Backstage at any show has its similarities, whether it’s Broadway or the circus or the meanest little honky-tonk in Nacogdoches—the palpable sense of people out there somewhere in the darkness waiting for your performance, or being able to pull a curtain back slightly and experience the actual sight of the audience sitting there waiting to be entertained by someone who, in this case, happens to be you. It’s the reason Richard Burton vomited before almost every live performance of his life. It’s part of the reason George Jones took Early Times, Judy Garland took bluebirds, and many a shining star burned out too soon. Standing alone in the spotlight, up on the high wire without a net, is something Willie Nelson has had to deal with for most of his adult life.

One night at Billy Bob’s in Fort Worth, I was standing backstage in the near darkness when a voice right behind me almost caused me to drop my cigar into my Dr Pepper. It was Willie. “Let me show you something,” he said, and he pulled a curtain back, revealing a cranked-up crowd beginning to get drunk, beginning to grow restless, and packed in tighter than smoked oysters in Hong Kong. Viewed from our hidden angle, they were a strangely intimidating sight, yet Willie took them in almost like a walk in the trailer park.

“That’s where the real show is,” he said.

“If that’s where the real show is,” I said, “I want my money back.”

“Do you realize,” Willie continued in a soft, soothing, serious voice, “that ninety-nine percent of those people are not with their true first choice?”

“Do you realize,” I said, “that you and I aren’t with our true first choice either? I mean, a latent homosexual relationship is a nice thing to have going for us, but sooner or later …”

Willie wasn’t listening to my cocktail chatter. He looked out at the crowd for a moment or two longer and then let the curtain drop from his hand, sending us back into twilight. “That’s why they play the jukebox,” he said.

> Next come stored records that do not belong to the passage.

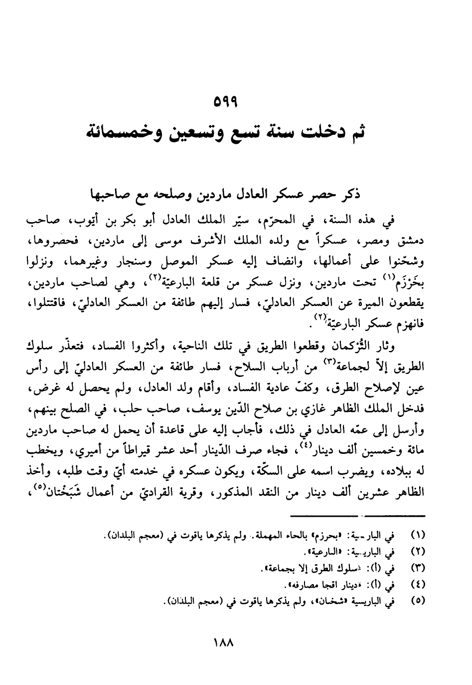 فِي هَذِهِ السَّنَةِ، فِي الْمُحَرَّمِ، سَيَّرَ الْمَلِكُ الْعَادِلُ أَبُو بَكْرِ بْنُ أَيُّوبَ صَاحِبُ دِمَشْقَ وَمِصْرَ، عَسْكَرًا مَعَ وَلَدِهِ الْمَلِكِ الْأَشْرَفِ مُوسَى إِلَى مَارْدِينَ، فَحَصَرُوهَا، وَشَحَنُوا عَلَى أَعْمَالِهَا، وَانْضَافَ إِلَيْهِ عَسْكَرُ الْمَوْصِلِ وَسِنْجَارَ وَغَيْرِهِمَا، وَنَزَلُوا بِخَرْزَمَ تَحْتَ مَارْدِينَ، وَنَزَلَ عَسْكَرٌ مِنْ قَلْعَةِ الْبَارِعِيِّةِ - وَهِيَ لِصَاحِبِ مَارْدِينَ - يَقْطَعُونَ الْمِيرَةَ عَنِ الْعَسْكَرِ الْعَادِلِيِّ، فَسَارَ إِلَيْهِمْ طَائِفَةٌ مِنَ الْعَسْكَرِ الْعَادِلِيِّ، فَاقْتَتَلُوا، فَانْهَزَمَ عَسْكَرُ الْبَارِعِيَّةِ.
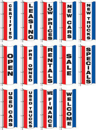 Flags are 3' x 8'. Made of red, white and blue nylon, these 100% nylon flags have heavy bleached cloth headings with four strong brass grommets along the left vertical side. Printed in black ink on each side, these messages can be read from either side. 15 messages to choose from. Each flag includes four self-locking nylon straps that fit up to an 8" diameter pole.
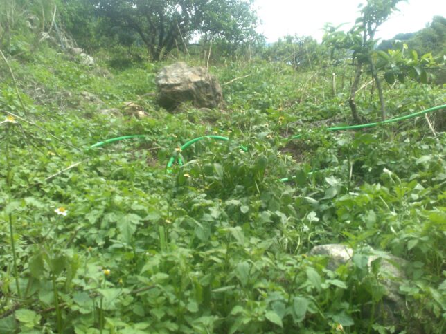 午後は除草剤の散布作業。枯れ木の除去を終わった宮ノ谷地区に除草剤を撒いた。ここは前回4月2日に除草剤を撒いている。雑草はまだ大きくはなっていないのだが、コセンダングサが繁茂している。花も咲いているのもあって、このまま放っておくとくっつき虫が大量生産されそうなので早めに除草剤を撒くことにした。これで全滅する作戦。結果はどうなるかな。
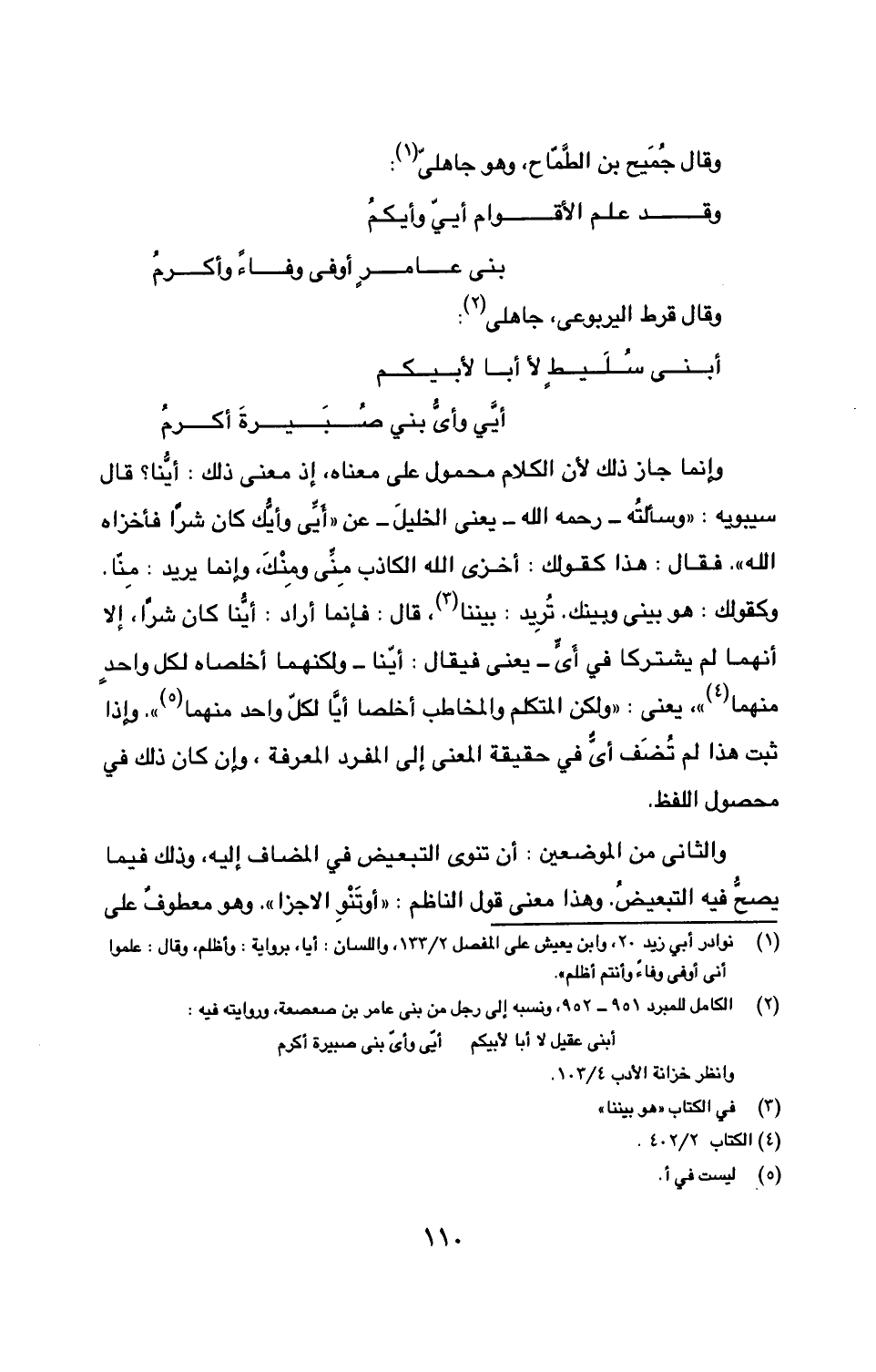 وإنما جاز ذلك لأن الكلام محمول على معناه، إذ معنى ذلك: أيُّنا؟ قال سيبويه: ((وسألتُه-رحمه الله- يعني الخليلَ- عن ((أِسِّي وأيُّك كان شرا فأخزاه الله)). فقال: هذا كقولك: أخزى الله الكاذب مِنِّي ومِنْكَ، وإنما يريد: مِنّا. وكقولك: هو بيني وبينك. تُريد: بيننا (3)، قال: فإنما أراد: أيُّنا كان شراً، إلا أنهما لم يشتركا في أَيٍّ- يعني فيقال: أيّنا- ولكنهما أخلصاه لكل واحدٍ منهما (4)))، يعني: ((ولكن المتكلم والمخاطب أخلصا أيَّا لكلّ واحد منهما (5))). وإذا ثبت هذا لم تُضَف أيُّ في حقيقة المعنى إلى المفرد المعرفة، وإن كان ذلك في محصول اللفظ.
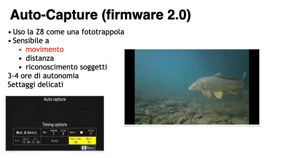 A partire dal firmware 2.0, Nikon ha lanciato la funzione Auto-Capture, che trasforma la Z8 in una sorta di fototrappola. LA fotocamera è infatti in grado di scattare foto in modo autonomo, rispondendo a movimenti, distanze o riconoscimento dei soggetti. È una funzione ancora da esplorare, che richiede impostazioni precise e ha un’autonomia limitata (3-4 ore), ma offre opportunità davvero interessanti per documentare il comportamento degli animali senza lil disturbo introdotto dalla presenza del fotografo.
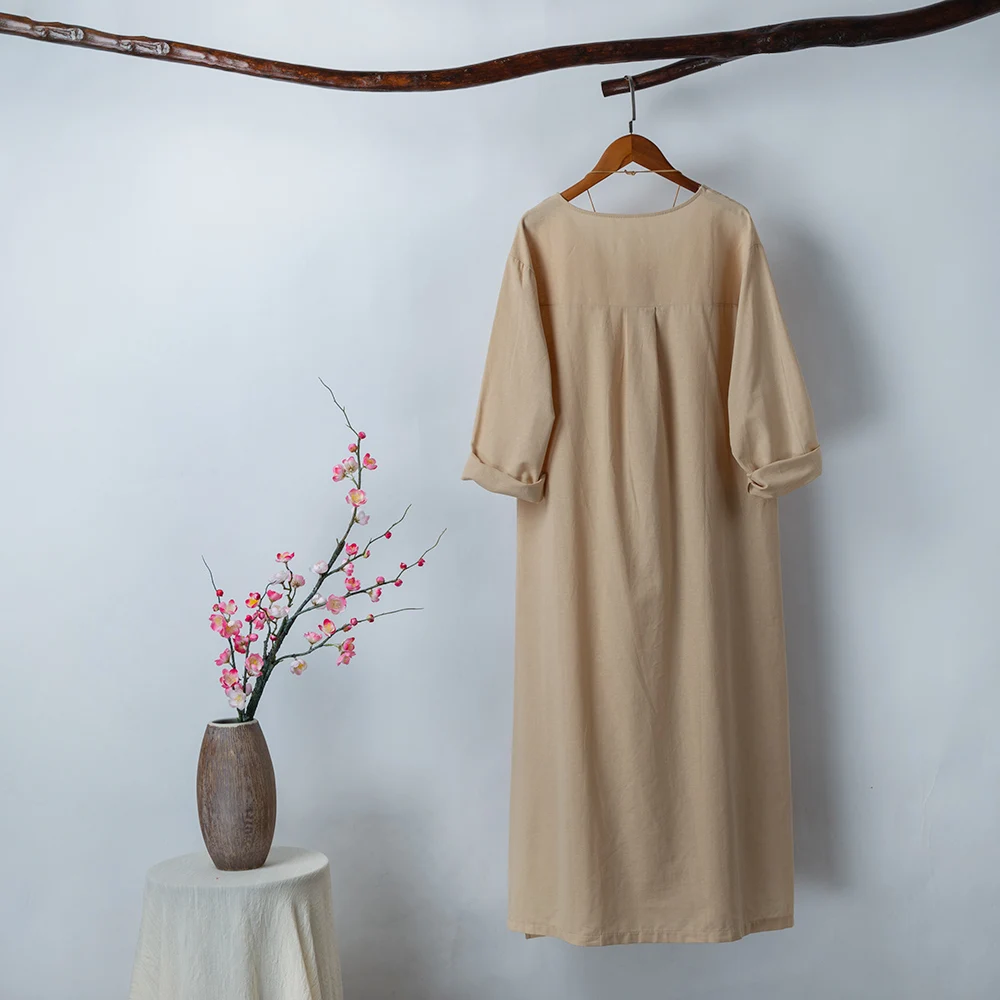 Женское Свободное длинное винтажное платье, размер d, рукав 34, о-образный вырез, размера плюс, однотонное платье в стиле бохо, Повседневное платье макси, Vestidos

Willie’s character leapt off the stage and onto the page. I don’t know if you’d call it Jewish radar or cowboy intuition, but during my travels with Willie, a storyline began to evolve. He would be at the center of one of my most challenging cases (and I’d have to solve it before we all ended up in a bar singing Jimmy Buffett cover songs). There wasn’t a butler to do it, but Willie did have a valet named Ben Dorsey, who’d once been John Wayne’s valet. This provided some humorous commentary, since Willie wasn’t an enormous fan of the Duke’s. Willie preferred the old singing cowboys. Of John Wayne, he once said, “He couldn’t sing and his horse was never smart.” (That kind of talk never failed to irritate Dorsey and usually resulted in some sort of tension convention.) Other real characters who inhabit the Honeysuckle Rose and the pages of Roadkill are Bobbie Nelson, Willie’s sister; Lana Nelson, Willie’s daughter; Gates “Gator” Moore, his intrepid bus driver; L.G., his one-man security team; and a cast of thousands of friends, fans, and family, who, along with life itself, did everything they could to interrupt our chess games.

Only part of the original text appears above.